We Have It All said:


> kookaburra
> surely not



Correct - It surely isn't!!!


----------



## Lucas (Dec 29, 2006)

could spend all night throwing wild guesses into the air....................................so, its a ................................cuckoo


----------



## slim6y (Dec 29, 2006)

Don't spend all night - cause here's the answer


----------



## Jakee (Dec 29, 2006)

8 turtles and 13 bats


----------



## Lucas (Dec 29, 2006)

starling?


Sounds like 8 turts and 13 bats is the winning vote so far.


----------



## slim6y (Dec 29, 2006)

Yeah some sort of starling/swallow type thingee... im not an aviaoligist lol... someone else can do the pics this time  I'm too mean for this lol...


----------



## slim6y (Dec 29, 2006)

Ok ok ok - last one then...


----------



## Lucas (Dec 29, 2006)

a mouldy ham and cheese sandwich


----------



## slim6y (Dec 29, 2006)

Lucas said:


> a mouldy ham and cheese sandwich



HAHAHAHA... nope


----------



## Adzo (Dec 29, 2006)

a chameleon?


----------



## Lucas (Dec 29, 2006)

I'm off to bed, any hints before I go?


----------



## slim6y (Dec 29, 2006)

Adzo said:


> a chameleon?



Nope...

Nun nite Lucas...


----------



## Adzo (Dec 29, 2006)

tree frog?


----------



## SlothHead (Dec 29, 2006)

i just saw that in the bath


----------



## slim6y (Dec 30, 2006)

Adzo said:


> tree frog?



Ooooooh... someone is a smarty... now what type of tree frog haha!


----------



## munkee (Dec 30, 2006)

four hundred and seventy two turts at least....
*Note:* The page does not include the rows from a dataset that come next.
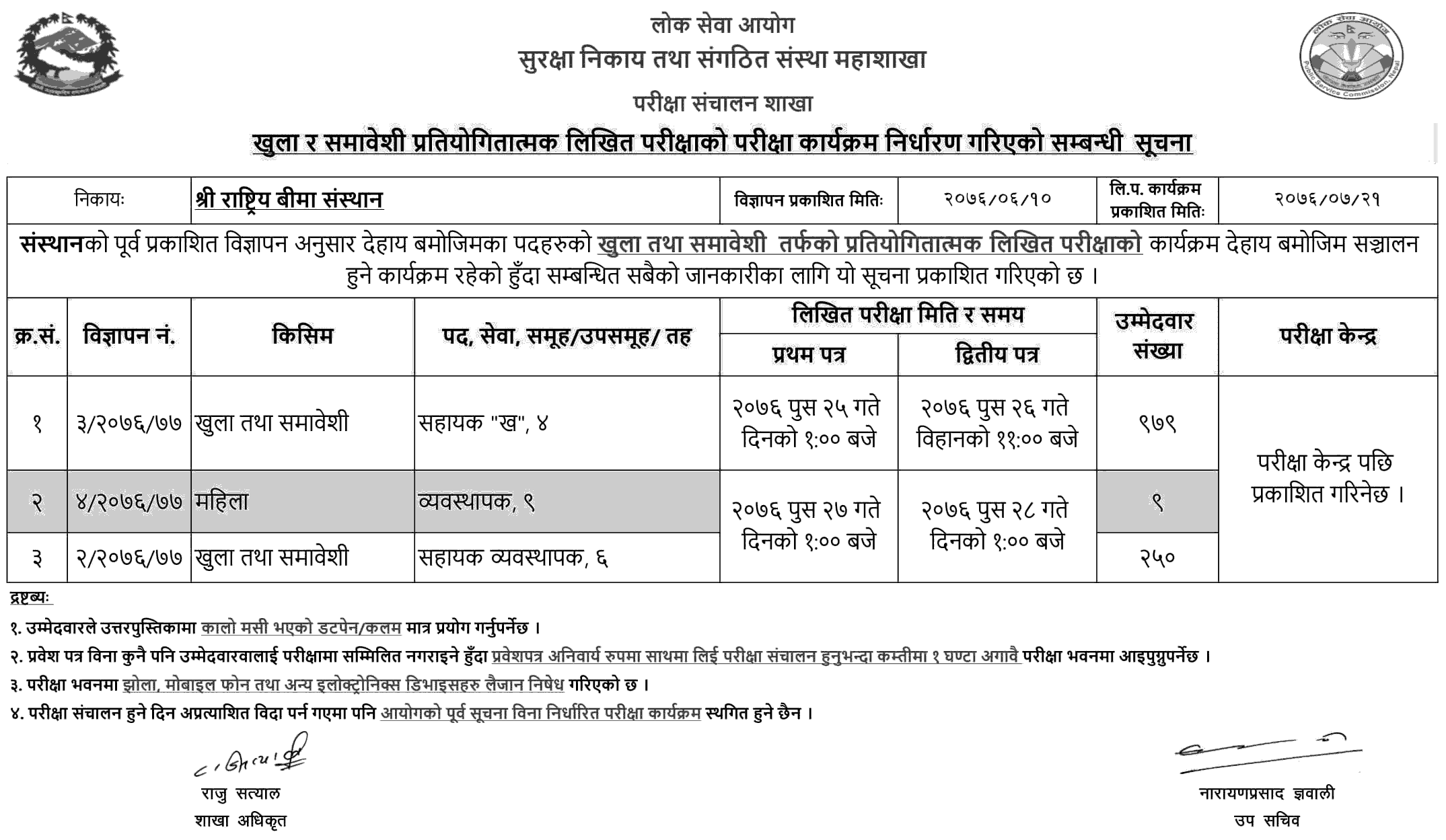 Lok Sewa Aayog (Public Service Commission - PSC), Anamnagar, Kathmandu has published the Examination Schedule of Rastriya Beema Sansthan for various Positions. The Written examination will be conducted from 2076 Poush 25 (11:00 AM).
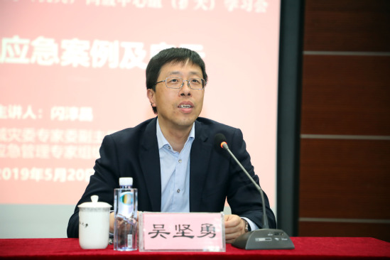 为了进一步深入学习贯彻习近平总书记关于总体国家安全观的重要论述和在省部级主要领导干部坚持底线思维着力防范化解重大风险专题研讨班开班式上的重要讲话精神,切实增强领导干部底线思维和防范风险意识,提高危机管理能力,5月20日下午,学校在图文中心报告厅举行校、院(机关)两级中心组(扩大)学习会,此次学习会也是2019年上海市高校军事课骨干教师及专武干部培训班的培训课程之一。会上邀请了国家减灾委专家委副主任、国务院应急管理专家组组长闪淳昌教授作“城市管理应急案例及启示”专题报告。校党委书记吴坚勇主持报告会并讲话。
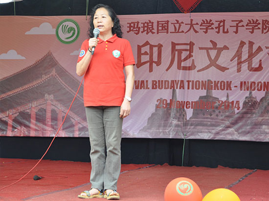 玛琅国立大学孔子学院中方院长覃小禾致辞,她希望通过此次活动加强中印尼文化交流,加强孔子学院与玛琅地区汉语爱好者的联系。

Or have I been enjoying a few adult drinks?????

Bad news for the snapping turt nontheless,


----------



## Adzo (Dec 30, 2006)

The dainty tree frog from one of your other posts


----------



## Rep-Style (Dec 30, 2006)

Litoria Citropa?


----------



## slim6y (Dec 30, 2006)

Adzo said:


> The dainty tree frog from one of your other posts



You're the observant one!!!

I don't think anyone could hide anything from you - you would have been awful to play hide-n-seek with - you're the sort of person that sneaks a look when counting (haha).

Anyways, congratulations you win the SLiM6y prize pack which contains...


----------



## Lucas (Dec 30, 2006)

nothing


----------



## mysnakesau (Dec 30, 2006)

I counted 8 turtles. But my eyes aren't good enough for the bats, and yuck there's a spider, too


----------